(DATA EXCERPTS)
····················
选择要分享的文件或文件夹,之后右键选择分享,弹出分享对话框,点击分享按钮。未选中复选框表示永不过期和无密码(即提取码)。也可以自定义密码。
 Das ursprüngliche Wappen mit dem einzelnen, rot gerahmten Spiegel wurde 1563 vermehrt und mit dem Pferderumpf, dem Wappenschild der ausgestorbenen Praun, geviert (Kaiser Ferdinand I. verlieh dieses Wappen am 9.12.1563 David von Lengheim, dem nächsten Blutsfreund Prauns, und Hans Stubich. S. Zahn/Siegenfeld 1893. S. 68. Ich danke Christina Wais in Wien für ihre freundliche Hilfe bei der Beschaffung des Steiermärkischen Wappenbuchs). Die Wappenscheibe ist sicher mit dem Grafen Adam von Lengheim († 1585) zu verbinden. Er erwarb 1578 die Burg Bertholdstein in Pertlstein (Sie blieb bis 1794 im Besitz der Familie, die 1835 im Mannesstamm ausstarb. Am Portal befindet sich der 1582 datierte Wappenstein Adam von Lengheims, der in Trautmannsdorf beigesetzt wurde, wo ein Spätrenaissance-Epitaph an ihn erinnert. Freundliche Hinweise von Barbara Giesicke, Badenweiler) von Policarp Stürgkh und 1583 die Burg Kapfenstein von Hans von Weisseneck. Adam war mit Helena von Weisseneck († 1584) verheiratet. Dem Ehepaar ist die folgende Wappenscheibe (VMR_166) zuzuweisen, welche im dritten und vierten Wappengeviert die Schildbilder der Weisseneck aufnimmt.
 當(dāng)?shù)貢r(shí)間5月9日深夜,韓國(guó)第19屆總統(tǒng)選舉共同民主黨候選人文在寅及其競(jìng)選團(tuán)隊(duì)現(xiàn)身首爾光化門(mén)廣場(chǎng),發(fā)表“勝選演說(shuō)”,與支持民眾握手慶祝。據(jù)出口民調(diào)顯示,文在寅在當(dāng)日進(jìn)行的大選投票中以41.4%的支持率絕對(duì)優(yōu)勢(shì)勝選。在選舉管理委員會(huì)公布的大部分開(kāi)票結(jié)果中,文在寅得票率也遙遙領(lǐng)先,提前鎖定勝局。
····················
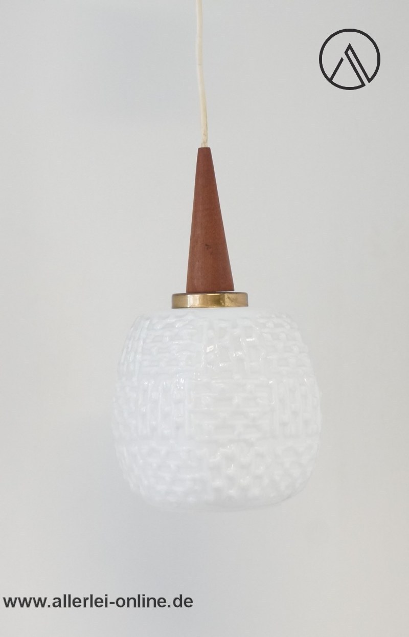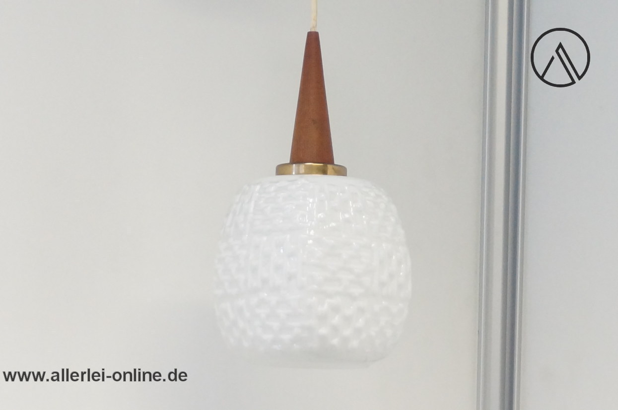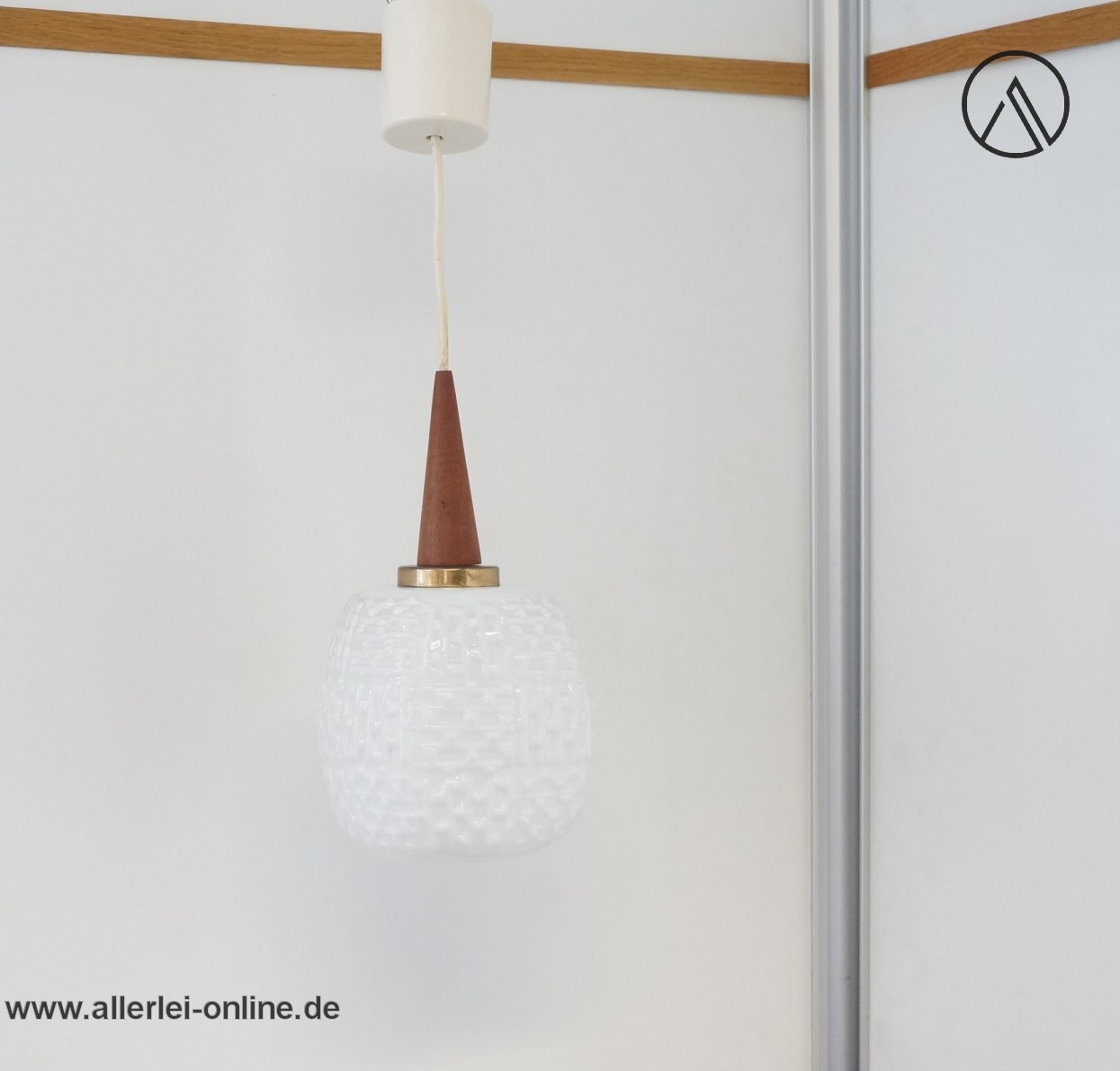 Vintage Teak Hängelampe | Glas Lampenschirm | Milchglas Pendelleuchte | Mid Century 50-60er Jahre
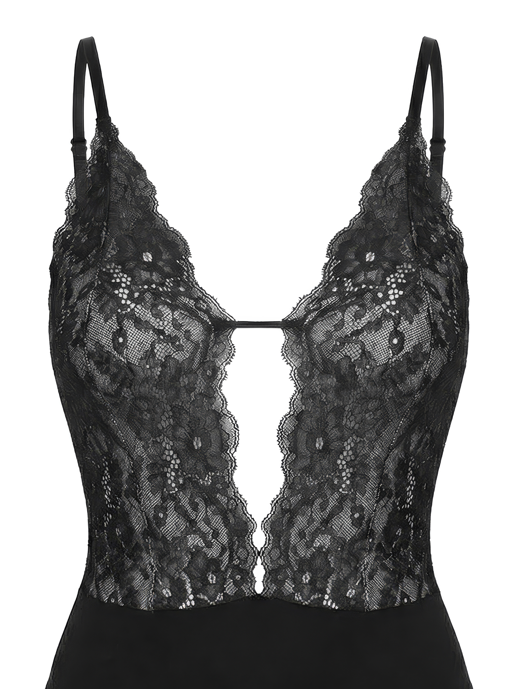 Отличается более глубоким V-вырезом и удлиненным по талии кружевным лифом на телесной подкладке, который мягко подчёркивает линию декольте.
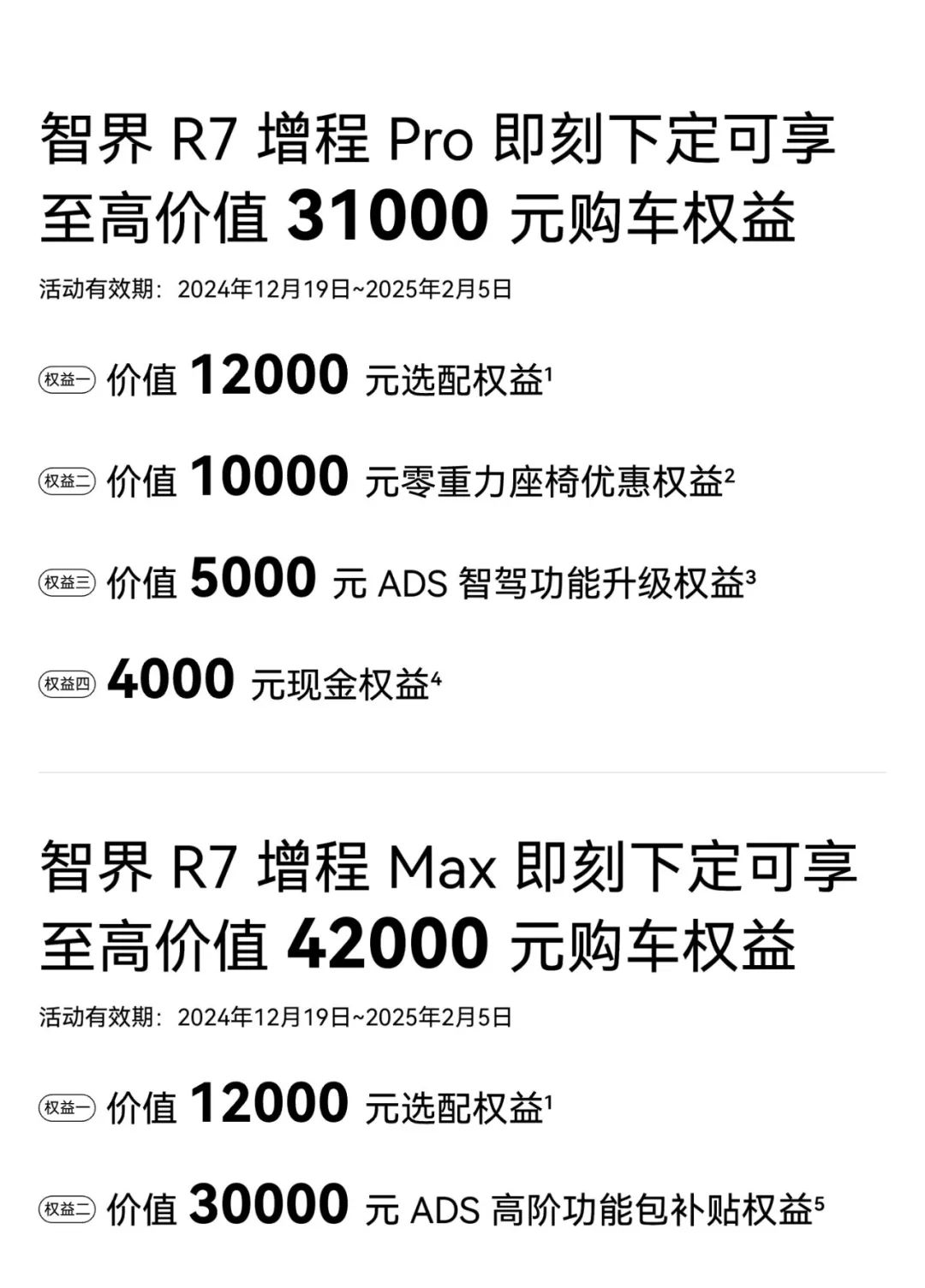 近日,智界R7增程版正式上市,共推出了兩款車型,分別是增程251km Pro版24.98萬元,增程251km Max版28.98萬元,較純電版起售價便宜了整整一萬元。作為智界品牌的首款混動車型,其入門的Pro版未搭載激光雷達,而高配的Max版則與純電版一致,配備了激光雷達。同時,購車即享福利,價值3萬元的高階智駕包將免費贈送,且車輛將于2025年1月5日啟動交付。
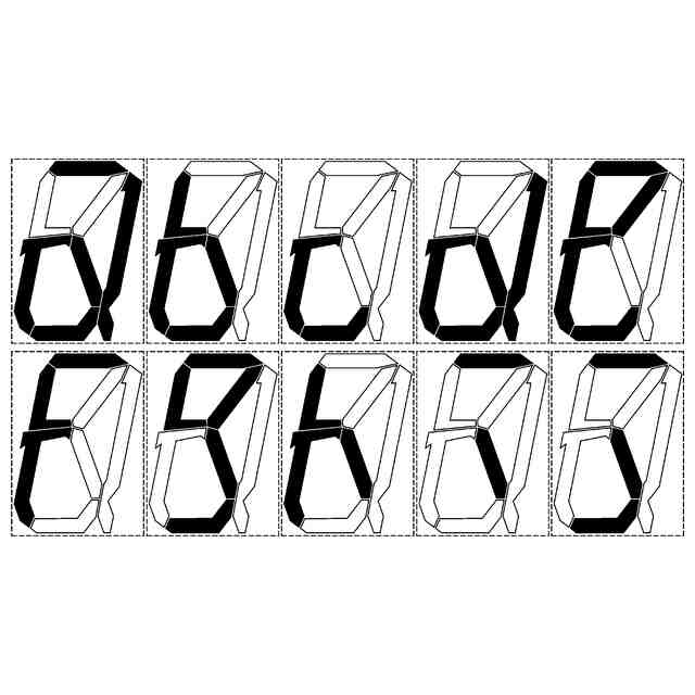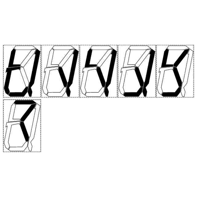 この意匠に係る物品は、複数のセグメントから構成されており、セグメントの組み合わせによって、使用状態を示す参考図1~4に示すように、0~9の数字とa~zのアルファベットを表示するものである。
····················
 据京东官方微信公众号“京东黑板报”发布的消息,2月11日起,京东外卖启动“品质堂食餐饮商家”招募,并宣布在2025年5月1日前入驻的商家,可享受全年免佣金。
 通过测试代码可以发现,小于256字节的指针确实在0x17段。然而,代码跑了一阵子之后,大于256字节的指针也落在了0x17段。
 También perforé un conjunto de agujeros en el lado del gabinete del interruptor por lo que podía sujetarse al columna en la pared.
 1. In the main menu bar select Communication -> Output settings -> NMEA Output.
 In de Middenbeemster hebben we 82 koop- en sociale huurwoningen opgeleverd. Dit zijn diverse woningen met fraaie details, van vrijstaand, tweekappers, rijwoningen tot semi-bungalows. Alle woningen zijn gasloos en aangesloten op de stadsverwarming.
····················
(WHAT IS BEING ASKED) Give an exact copy of the lines above from the line with "选择要分享的文件或文件夹,之" up to and including the line with "Das ursprüngliche Wappen", and leave everything else out.

(ANSWER TO THE EXERCISE)
选择要分享的文件或文件夹,之后右键选择分享,弹出分享对话框,点击分享按钮。未选中复选框表示永不过期和无密码(即提取码)。也可以自定义密码。
 Das ursprüngliche Wappen mit dem einzelnen, rot gerahmten Spiegel wurde 1563 vermehrt und mit dem Pferderumpf, dem Wappenschild der ausgestorbenen Praun, geviert (Kaiser Ferdinand I. verlieh dieses Wappen am 9.12.1563 David von Lengheim, dem nächsten Blutsfreund Prauns, und Hans Stubich. S. Zahn/Siegenfeld 1893. S. 68. Ich danke Christina Wais in Wien für ihre freundliche Hilfe bei der Beschaffung des Steiermärkischen Wappenbuchs). Die Wappenscheibe ist sicher mit dem Grafen Adam von Lengheim († 1585) zu verbinden. Er erwarb 1578 die Burg Bertholdstein in Pertlstein (Sie blieb bis 1794 im Besitz der Familie, die 1835 im Mannesstamm ausstarb. Am Portal befindet sich der 1582 datierte Wappenstein Adam von Lengheims, der in Trautmannsdorf beigesetzt wurde, wo ein Spätrenaissance-Epitaph an ihn erinnert. Freundliche Hinweise von Barbara Giesicke, Badenweiler) von Policarp Stürgkh und 1583 die Burg Kapfenstein von Hans von Weisseneck. Adam war mit Helena von Weisseneck († 1584) verheiratet. Dem Ehepaar ist die folgende Wappenscheibe (VMR_166) zuzuweisen, welche im dritten und vierten Wappengeviert die Schildbilder der Weisseneck aufnimmt.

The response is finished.